“The Death of Moses’ Deuteronomy 32:48-52; 34:1-12 November 8, 1992

Text Comments

Last Lord’s Day we considered, from chapters 28-30, the blessings and curses of the covenant God has made with us his people. The following chapters deal with certain administrative matters, repeat certain admonitions and predictions from earlier chapters — both in prose and poetry — and give us Moses’ blessing of the tribes of lsrael one by one. There is much of interest and importance in this material, and I was greatly tempted to expand this series of sermons still further, but I restrained myself. Much of the matter we have encountered before in the book and, I think, it is time to be done. But, we could not finish without attention to the stirring conclusion which narrates the death and burial of, shall we say it, the greatest man but one ever to live in this world.

32:49     To the east of the north end of the Dead Sea.

34:3  The places mentioned are listed in the order they would appear to a man facing north and then moving his eyes counterclockwise — first to the west, then to the south.

34:7   A remarkably old age, given the fact that in Moses’ own Psalm 90 we read that the years of our lives are three score years and ten, or, if by reason of strength, four score. His contemporaries didn’t live longer than we do.

Moses was a giant of a man. He is one of the church’s greatest heros. Excepting the Lord Christ himself, and perhaps John the Baptist, whom the Lord says may have been his equal, it is hard to think that the earth has been more unworthy of a man than it was of this man, Moses, or that a bigger man has ever walked in this world. When the image of God in man, renewed by grace and the Spirit of God, is made to shine brightly, extraordinary men and women are the result. And we know of no more extraordinary man than Moses or of a more extraordinary life than he lived. Wonderful as the miracles the apostles performed, they were not as great as those God wrought through Moses. As full of pathos, and suffering, and power, and goodness, and accomplishment as were the ministries of Peter and Paul, Moses as God’s minister, towers above them, a titan, a colossus, who as God’s servant and on Christ’s behalf and wielding the power of the Holy Spirit, virtually alone, over and again, stood between the church of God and extinction.

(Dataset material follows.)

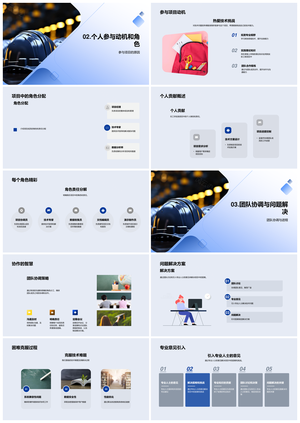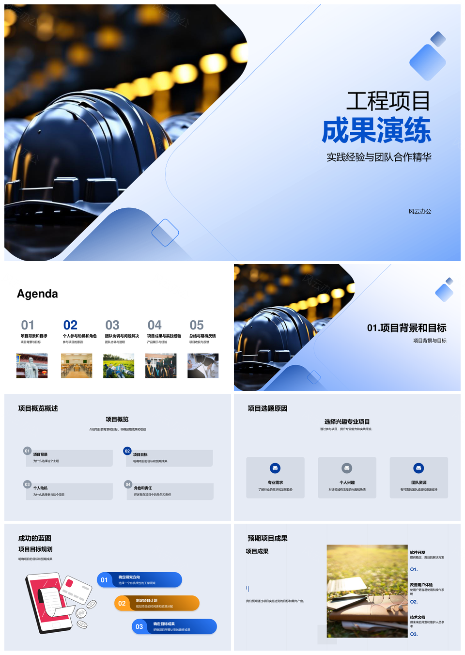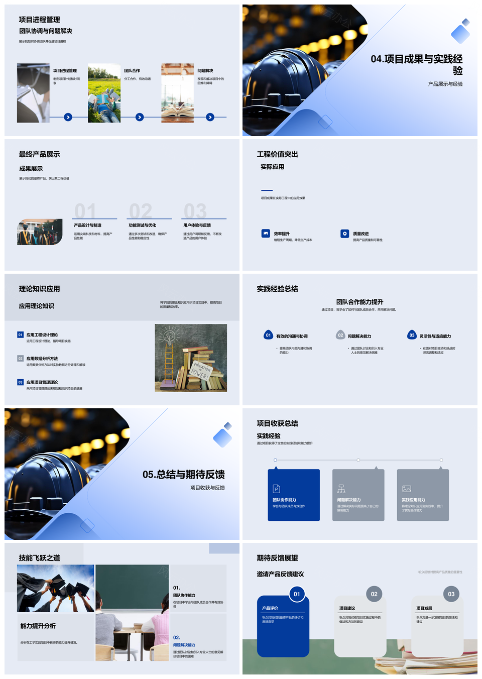 工程项目毕业答辩团队协作技术挑战实践蓝图PPT模板推荐
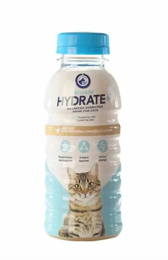 Oralade® Hydrate + encourage les chats Ă boire facilement pendant les periodes de stress, voyages, temps chaud, transition alimentaire, problèmes rĂ©naux et urinaires …

Small wonder then that his death was no ordinary death. Indeed only two other mere men in human history stand above Moses for the manner in which God brought their lives to an end, and those two men — Enoch and Elijah — never actually died! Moses died, but in the very presence of God and was then buried by the Lord himself, or his angels. Matthew Henry refers to it as a ‘euthanasia’ — ‘a delightful death.’

However, as extraordinary as Moses’ death was, as remarkable and unique, we should not miss the point that Moses’ death and burial are clearly to be taken by us as a figure for the death of all believers in Christ. This whole part of Scripture is full of such timeless moments and figures, in which the various aspects or moments of salvation itself are represented in historical events. We know well enough, because the Scripture itself points to the way in which the Exodus, the wilderness, and the promised land come to represent the beginning, the pilgrimage, and the consummation of the Christian life. We are well acquainted with the way that in various hymns, black spirituals, and Bunyan’s Pilgrim’s Progress crossing the Jordan River becomes an image of death, with heaven on the other side.

There can be no doubt that Moses’ death, being so strikingly larger than the normal experience of the saints, is likewise such a figure for that death which comes to all the children of God and for the nature and manner of our dying. It is true that this is history and is the account of the great man’s actual death, but this is also salvation history and an enacted lesson about the death of all those who die in Christ.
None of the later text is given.